Exome and whole genome sequencing have identified somatic mutations across multiple tumors; however most mutations are deemed passengers. Comprehensive analyses have pinpointed important genes and pathways that drive tumor progression. This enables the classification of patients into genetically distinct subtypes so that biologically driven prognostication and therapy selection become feasible in clinic. Network-based approaches integrate mutations and protein interaction networks to achieve knowledge-guided subtyping and have shown promises in linking subtypes with clinical data. In this study we showed that using a panel of important genes can achieve superior classification than using the full exome-level mutations, and often has better predictive performance of clinical outcome as well. Due to extensive tumor heterogeneity, however, it is infeasible to design a single panel to fit all cancers. The performance of a gene panel will likely depend on specific tumor types. We investigated three panels with different contents and numbers of genes in an effort to span a range of scenarios. For optimal performance it may warrant a focused investigation if a custom gene panel is to be designed for a specific tumor type.

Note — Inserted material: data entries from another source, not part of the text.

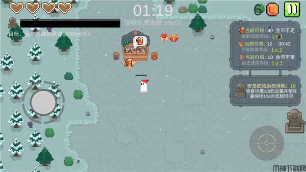 一万金币手游是一款别开生面的像素风格动作防御游戏,玩家将扮演一只可爱的小幽灵,负责守护着一座重要的墓碑免受不断涌来的僵尸袭击。随着时间推移,僵尸的数量将逐渐增加,考验玩家的反应速度和策略规划能力。在战斗中,玩家需要不断击败僵尸,每次击败将获得金币奖励,通过这些金币可以在附近的商店购买各种武器和道具,如弓箭、炸弹等,来提升自身的战斗能力。游戏采用简单直观的操作方式,加上紧张刺激的战斗节奏和丰富多样的武器选择,为玩家带来了一场充满挑战和乐趣的幽灵保卫战。最终目标是在成功守护好墓碑的同时,累积获得一万金币,成为游戏的最终胜利者。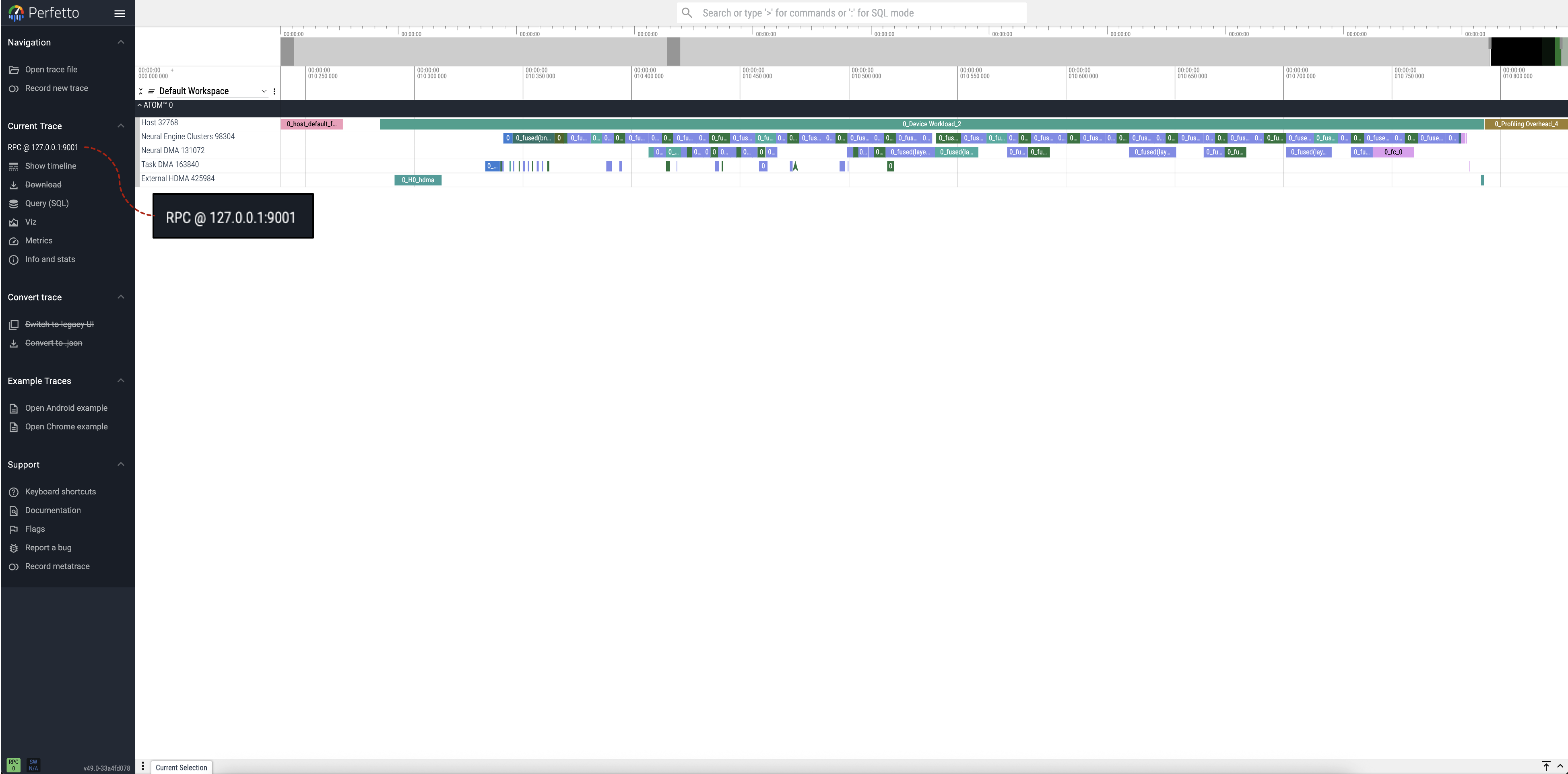 You can confirm that the local tracer is successfully visualized through the display "RPC@127.0.0.1:9001" or “rbln_xxxx.pb (file 1)” on the left.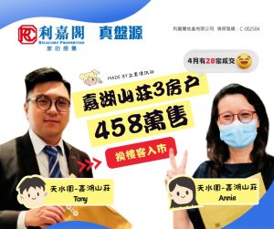利嘉閣地產天水圍-嘉湖山莊分行經理蕭啟諾(Tony)稱,天水圍嘉湖山莊4月錄得約28宗二手成交,其中該行高級客戶經理楊恩華(Annie)最新促成天水圍嘉湖山莊2期3座高層G室的二手成交個案,單位實用面積約548方呎,屬3房間隔,外望園景。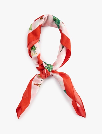Kiraz Desenli Saten Kare Fular Sepete Ekle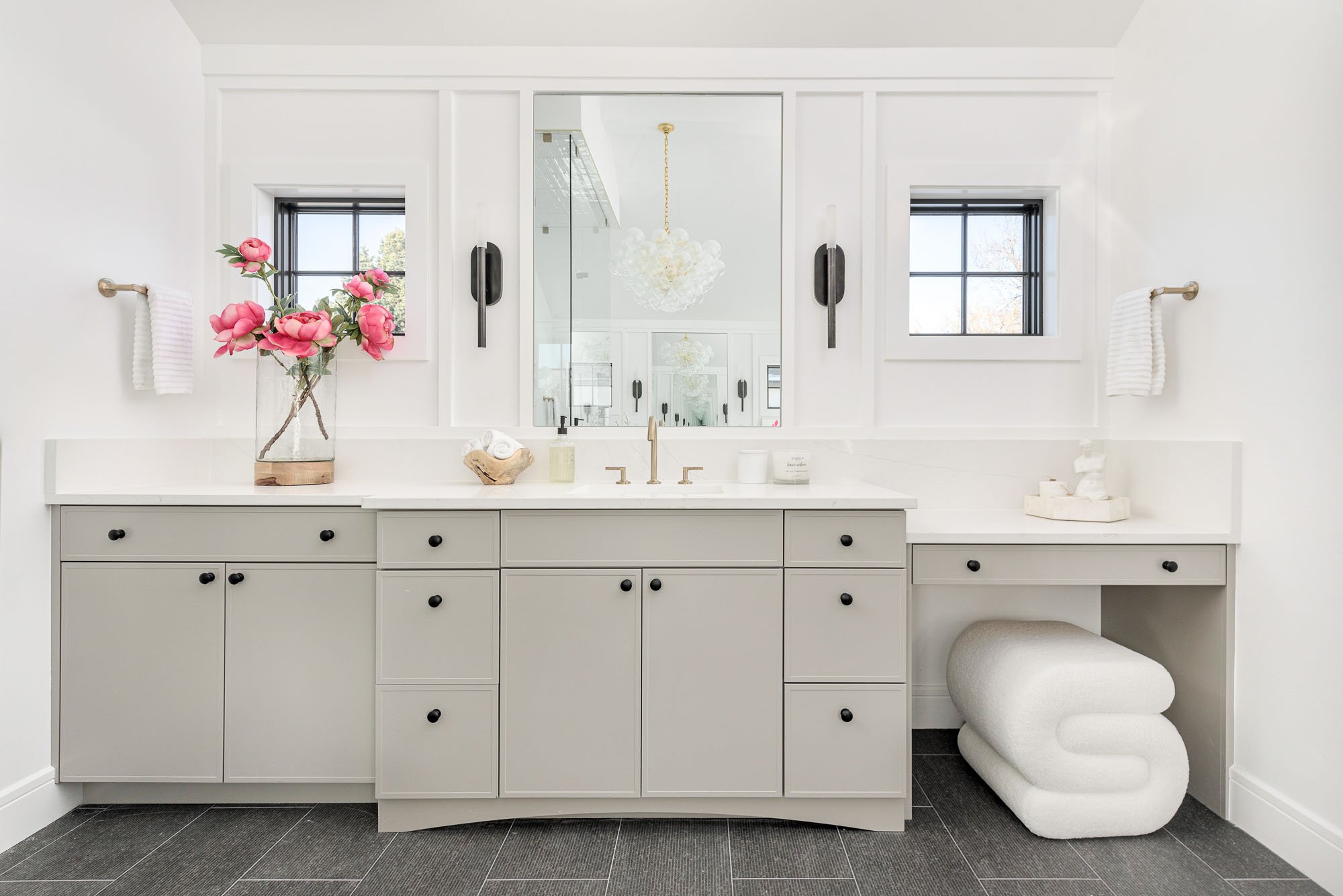 High-end appliances, custom cabinetry, and a luxurious waterfall countertop come together to form a culinary oasis. A haven for culinary enthusiasts and entertainers alike, the kitchen seamlessly integrates with the adjacent dining nook and great room, allowing for both intimate family meals and lavish entertaining.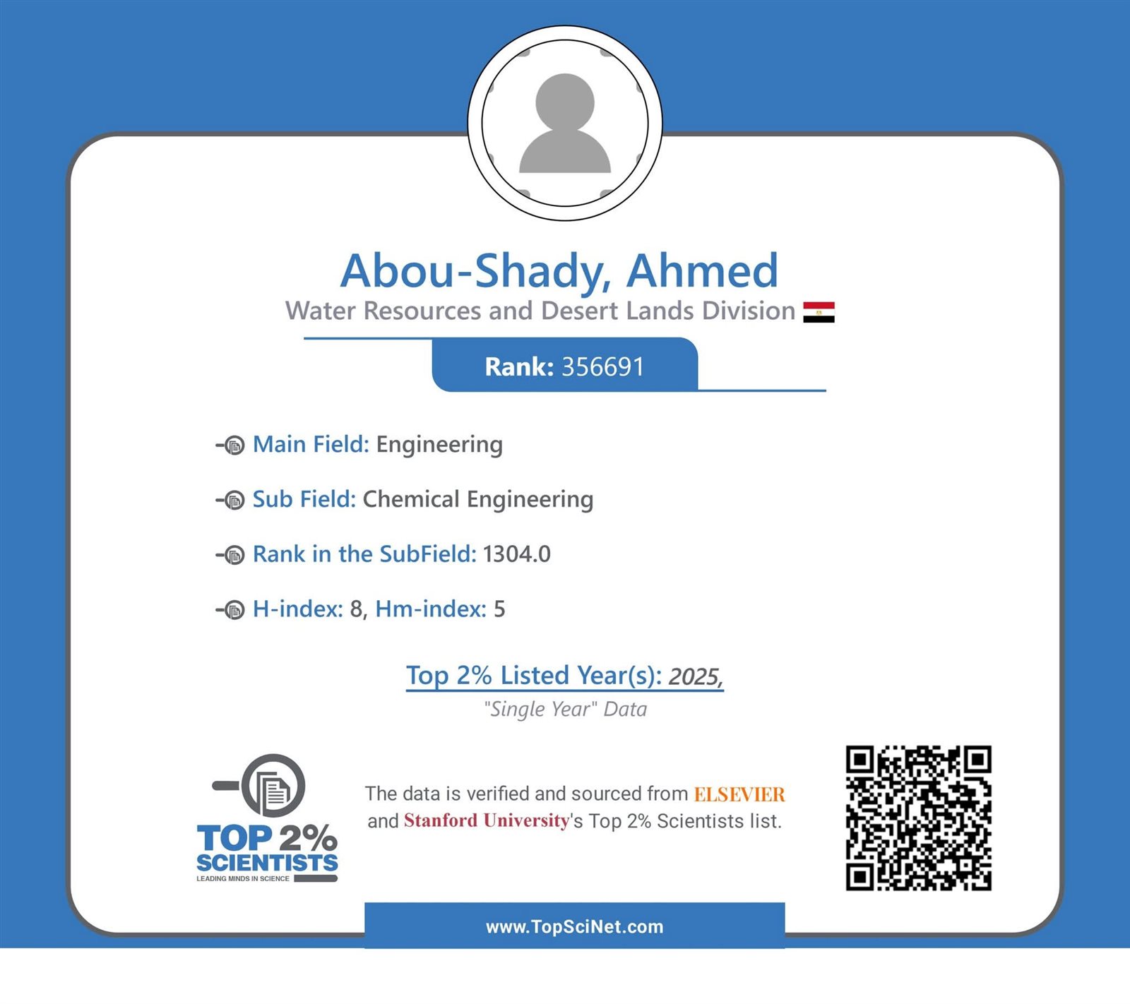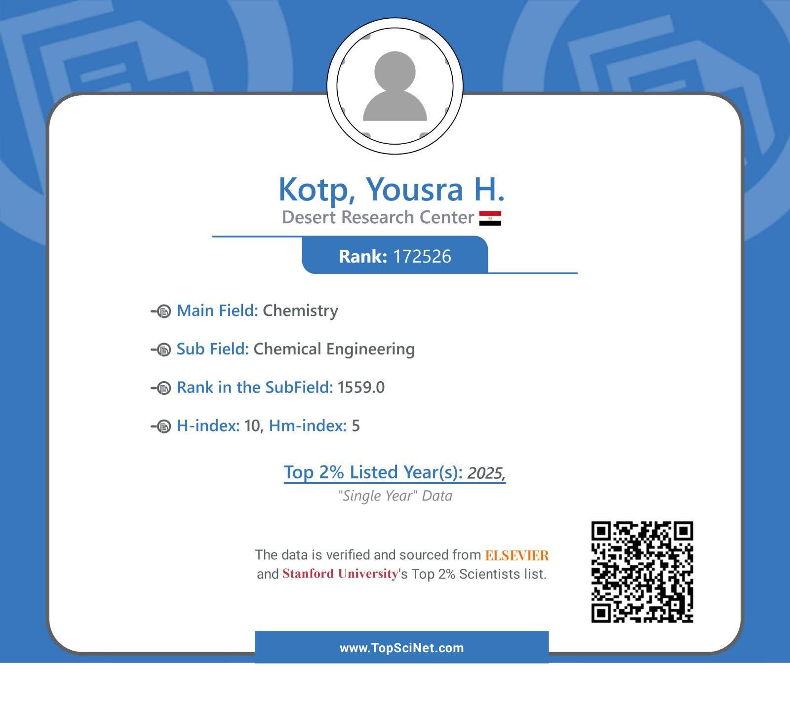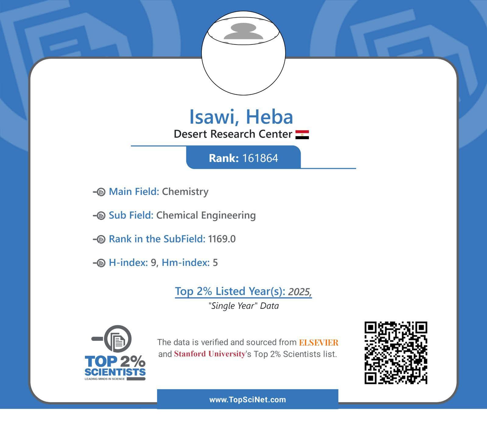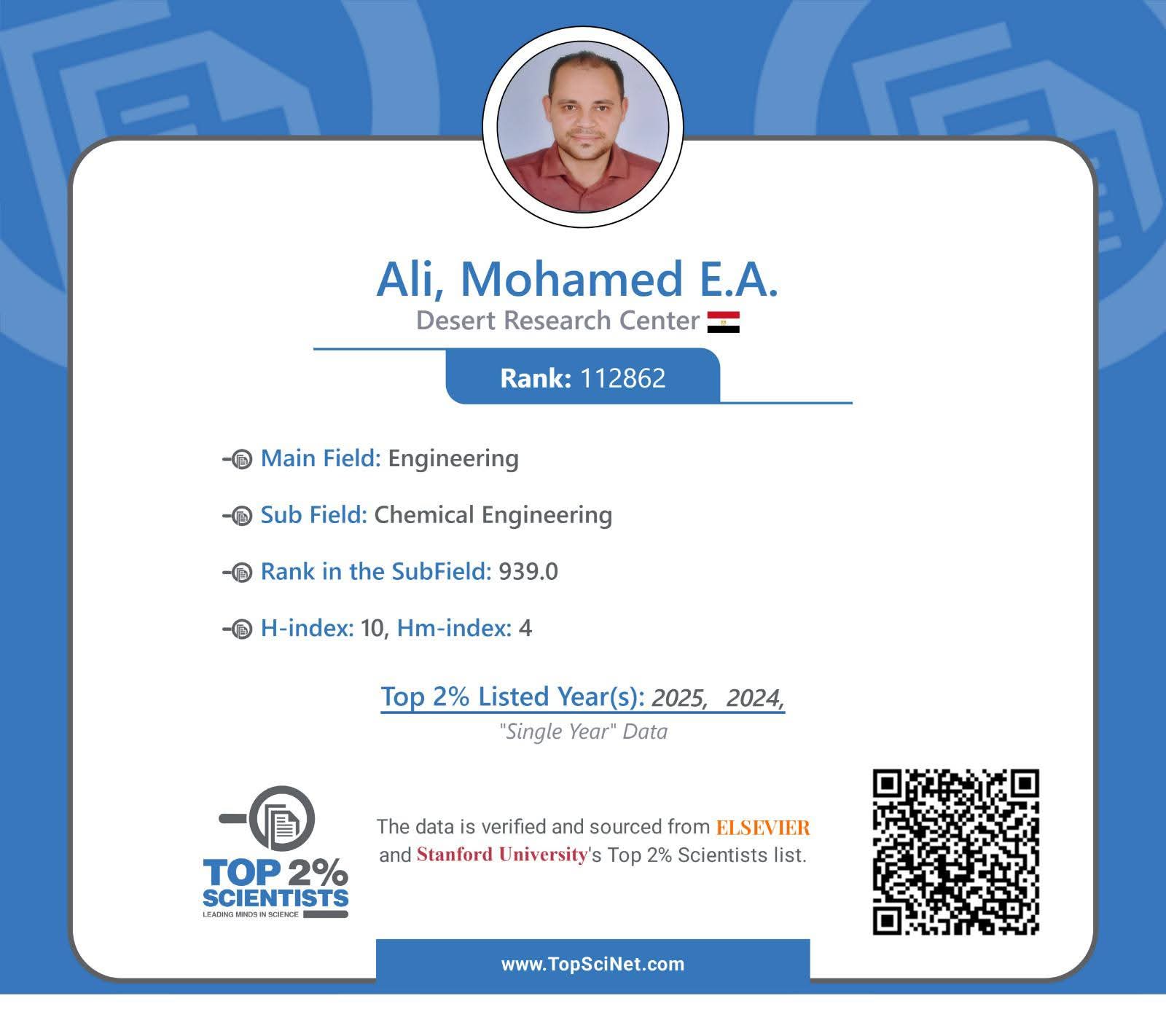 أعلنت وزارة الزراعة واستصلاح الأراضي، ان التصنيف الذي اصدرته جامعة ستانفورد الأمريكية، بالتعاون مع مؤسسة السفير العالمية، لأفضل 2% من العلماء الأكثر تأثيرًا حول العالم، قد شمل أيضا 4 علماء من مركز بحوث الصحراء، وهم: الدكتور محمد السيد عبد الفتاح والدكتوة يسرا حافظ قطب والدكتوة هبه عيسوى من قسم الهيدروجيوكيمياء، والدكتور احمد ابو شادى من قسم كيمياء وطبيعة الاراضى بشعبة مصادر المياه والأراضي الصحراوية.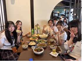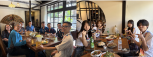 The afternoon began with a lunch exchange at a restaurant in Huangpu New Village, a renovated historic building, where Japanese and Taiwanese students were divided into small groups. Over Taiwanese dishes in a calm and welcoming setting, students who had learned together online and collaborated in support activities were able to sit down face to face and talk at length.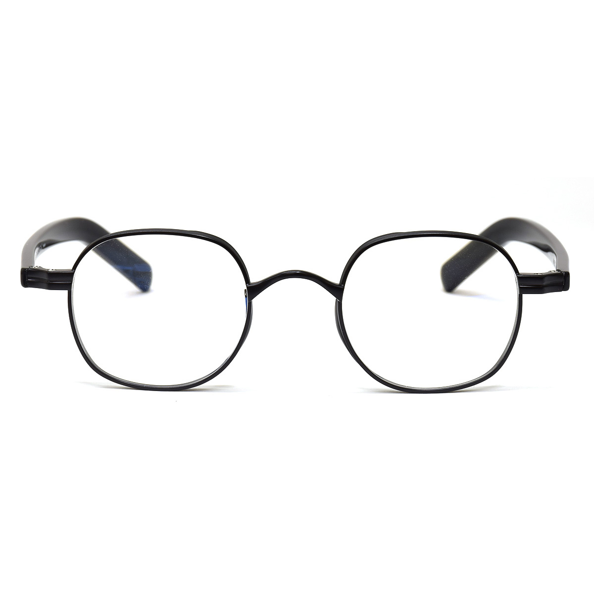ラウンドとスクエアを掛け合わせたようなコンパクトサイズのリムは、クラシカルかつモダンな雰囲気であなたのスタイルを格上げ。サイドの存在感のあるテンプルが、横顔にさりげないアクセントを添えます。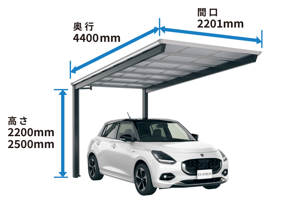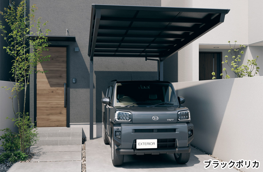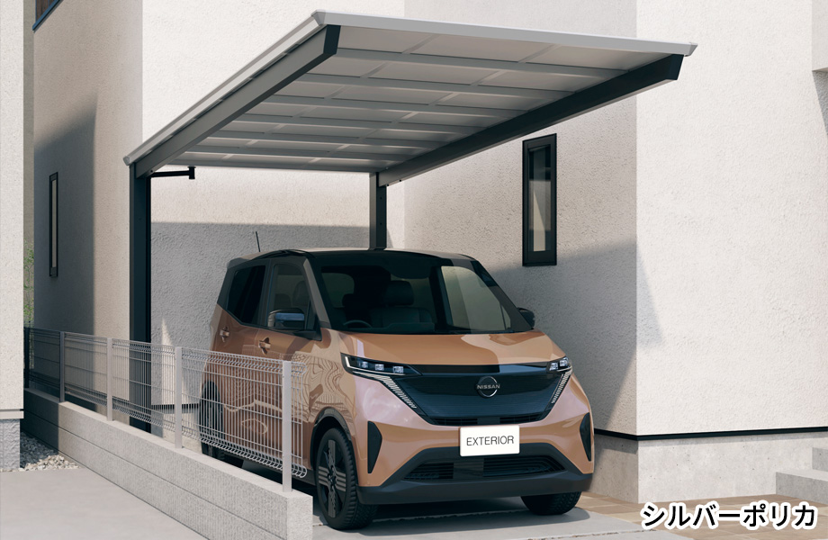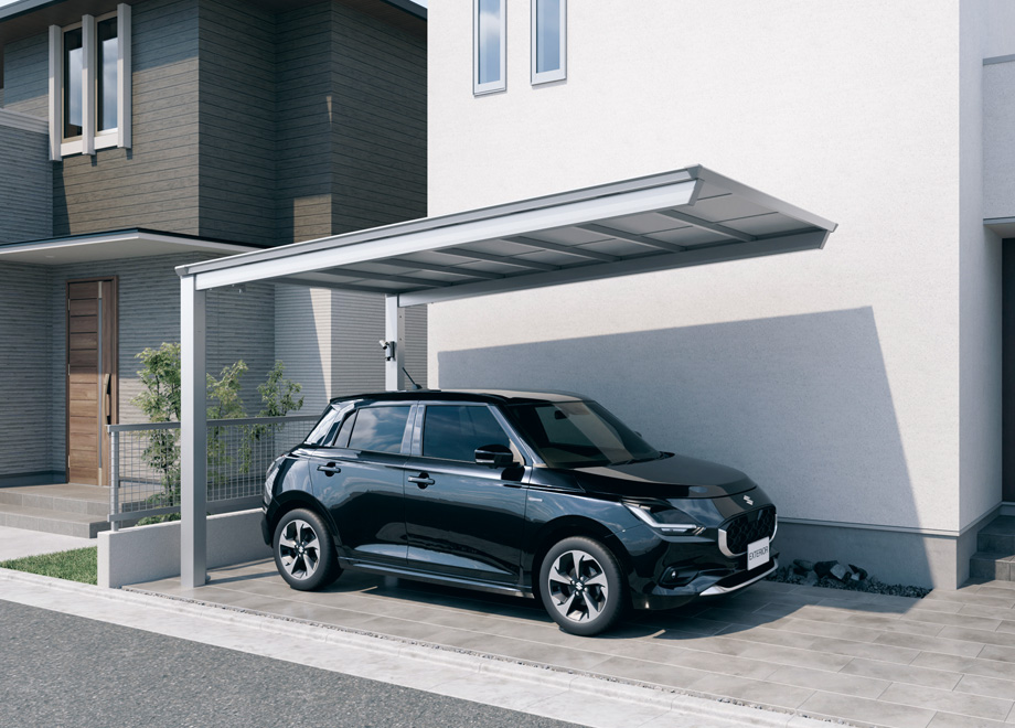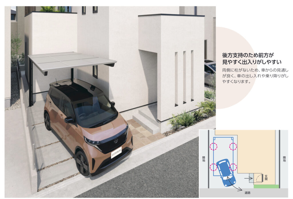 コンパクト設計の後方支持カーポート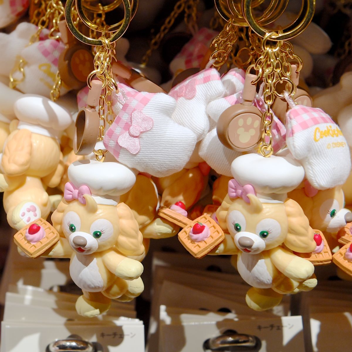ミトンやフライパンのチャームがついたクッキー・アンのマスコットキーチェーン。

NBS approaches leverage prior knowledge of protein interaction networks to overcome the challenge of the sparsity of somatic mutations. It is unclear, however, how to construct an optimal network used in NBS. It is expected that biological networks in different organs or tissues are different, and some genes in the network may not even be expressed in certain tissues. Other complicating factors in the NBS procedure involve various tuning parameters, such as the α in the network propagation step, the γ in the graph-regularization of the NMF. Together with the influence of the genes in panels, it is unclear how to obtain robust and consistent subtyping. For example, some tumor types have clear clustering of patients but the subtypes are not associated with clinical outcomes. For such cases it is also possible that clinical relevant tumor subtypes, if present, are driven by other mechanisms, such as methylation or copy number aberration, instead of somatic mutations. It is generally unknown a priori what strategy is optimal in tumor classification for clinic use, and more integrative analyses across large cohorts may provide further guidance towards this goal.

The motivation behind NBS is to deal with the sparsity of mutation data. For mutations that are frequently observed in multiple patients, it may be tempting to apply clustering methods on the sparse mutation data without network smoothing. Our results showed that even in subtypes that are enriched for specific mutations, e.g. UCEC, it is crucial to leverage prior knowledge encoded in gene networks to classify patients into clinically relevant subtypes. Gene interaction networks used in the NBS approach are not merely to deal with the sparsity of mutations but to provide meaningful biological knowledge to have effective subtyping. It may be true in general that NBS is beneficial for subtyping for other somatic mutation data and effectiveness of NBS in other scenarios needs further exploration.

Conclusion

We applied NBS to 13 major cancer types using both exome-level mutation data and panels of genes for classification and showed that small panels are often more effective in clustering tumors than full exome data. In addition, subtypes discovered by panels of genes in 5 tumor types (CRC, HNSC, KIRC, LUAD and UCEC) are significantly associated with patient survival, while subtypes based on full exome mutations are less predictive of clinical data. Screening of panels of genes combined with the NBS analysis strategy has potential for clinical use and the performance may be further improved by selection of clinically important genes and proper gene interaction networks.